Tumor cell-induce T-cell proliferation in response to CD19 or BCMA
CAR T-cell proliferation upon recognition of the tumor cell antigen is a fundamental principle and crucial factor underlying the augmented anti-tumor efficacy of CAR T cells [22]. Our next step was to determine whether the proliferation of the tan-CAR T cells was dependent on tumor cell-specific expression of CD19 and/or BCMA.
The three different types of CAR T cells were labeled with CFSE and then placed into co-culture with their corresponding target cells; T-cell proliferation was evaluated via detection of decreasing concentrations of the fluorescent dye by flow cytometry. We found that the tan-CAR T cells underwent extensive proliferation in response to activation by target K562 cells overexpressing CD19 and/or BCMA at an effector: target ratio of 1:1. As anticipated, tan-CAR T cells proliferated to an extent that was similar to those of their corresponding single scFv CAR T positive counterparts. In contrast, the NC (control) T cells underwent only limited proliferation after incubation with the target K562 transfected cells (Fig. 2b). Taken together, these results indicated that both single scFv- and tan-CAR T cells exert significant proliferative activities in response to specific antigen stimulation.

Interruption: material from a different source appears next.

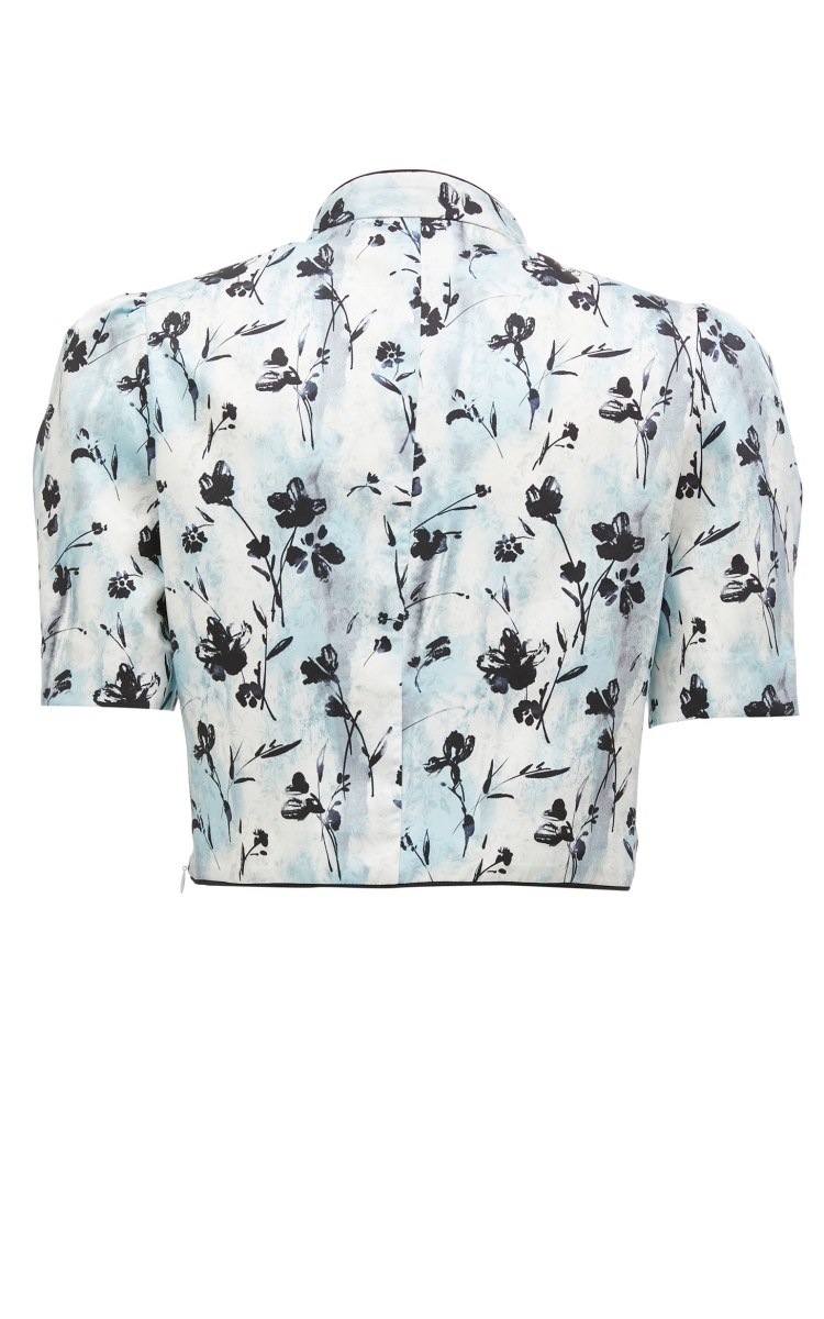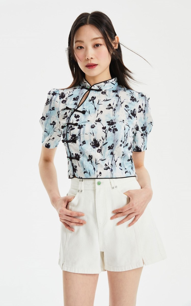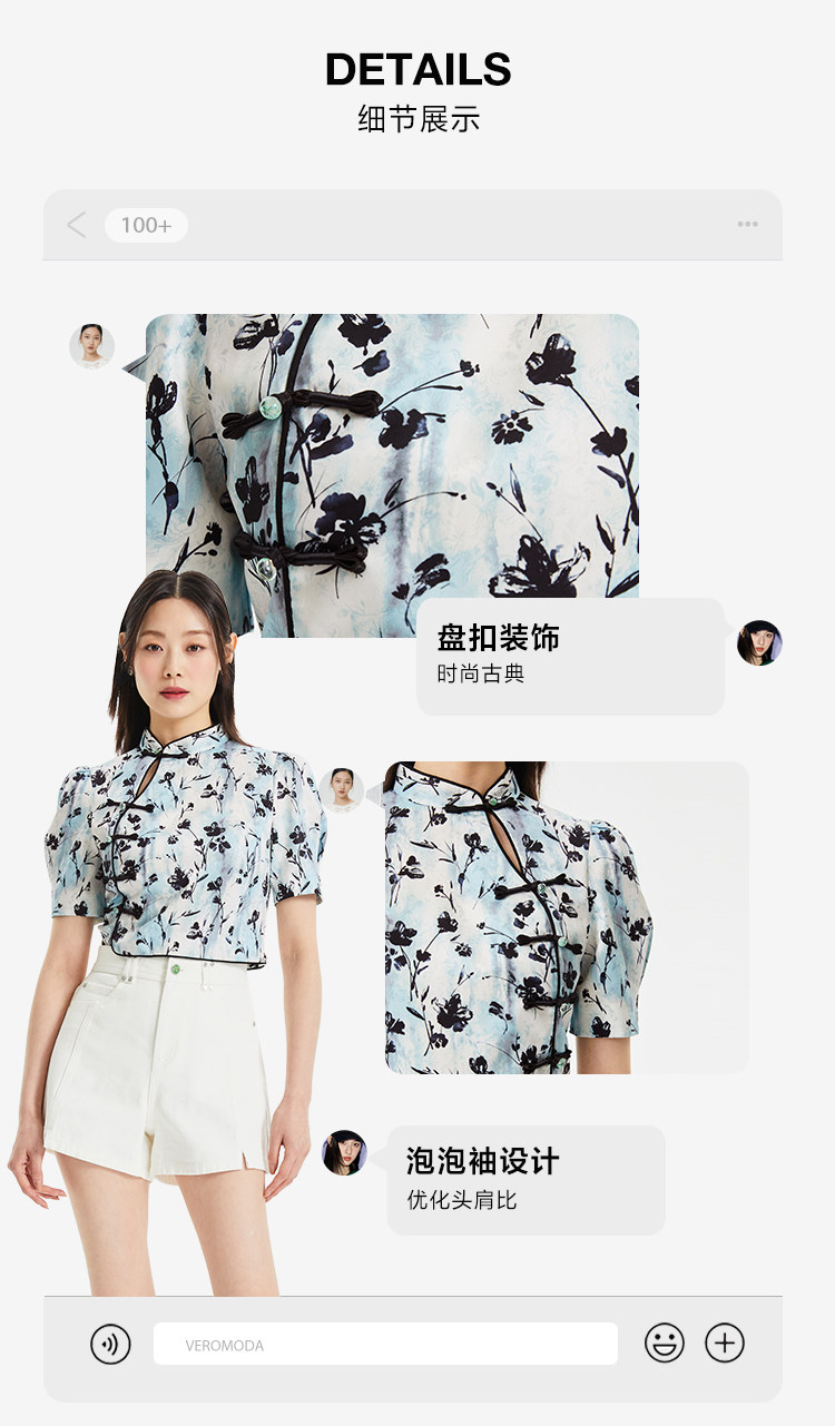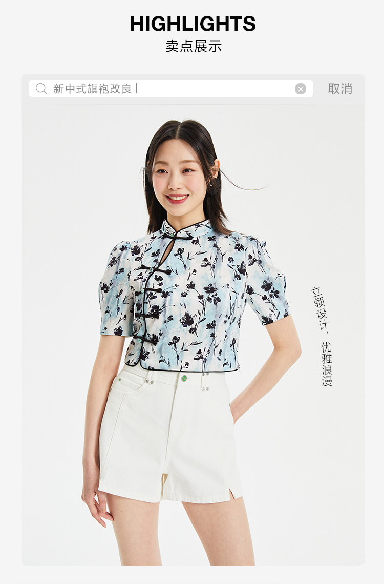 設計賣點:絲滑面料,質感滿滿;中式印花,優雅古典,盤扣裝飾,時尚古典;立領設計,優雅浪漫;后中隱形拉鏈,方便穿脫;泡泡袖設計,優化頭肩比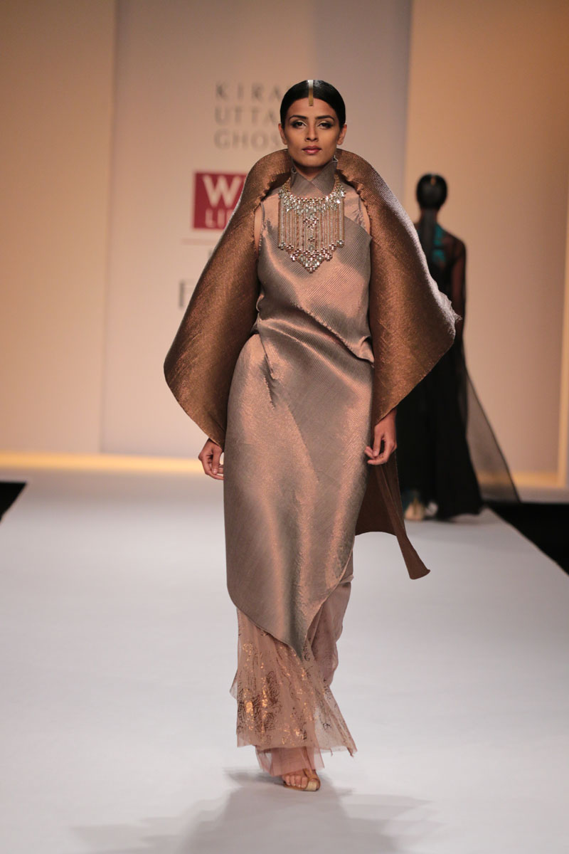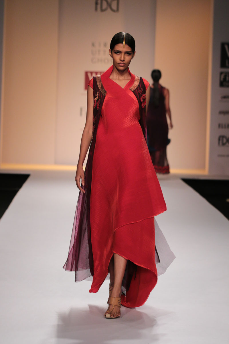 nThe main markets the designer caters to are India, USA and UK.nThe Autumn Winter range of womens wear includes kurtas, lehengas, shararas, sarees, sarongs and kurtis in my signature techno colors with a strong and slim silhouette.nFashion to her is, “To elevate the woman within, adding not just glamour, but something special and ultimately fabulous.”n nBuyers ContactnShrutikirti DujarinM: +91 33 24860476nT: + 91 33 24860476nE: kiranuttamghosh2007@gmail.comnW: www.kiranuttamghosh.comn nMedia ContactnRashi Rohatgi KhannM: +91 9810174614nE: rashi@wfive6@gmail.com

Determination of the cytotoxic efficacy and specificity of tan-CAR T cells
To evaluate cytolytic specificity of tan-CAR T cells, we first determined the baseline levels of LDH released from target cells over the time course of the experiment. Effector cells including CD19-CAR T, BCMA-CAR T, tan-CAR T, and un-transfected NC T cells were co-cultured with target cells, including K562-CD19, K562-BCMA, K562-CD19 + BCMA and wild-type (un-tranfected) K562 cells as the negative control. After 6 h, significant cytotoxicity was observed in co-cultures of tan-CAR T cells with each of the three transfected K562 target cell groups. As anticipated, CD19-CAR and BCMA-CAR T cells were cytotoxic for their corresponding target cells only; the negative control effector T cells (NC-T) had no cytotoxicity for any of the K562 target cells (Fig. 2c).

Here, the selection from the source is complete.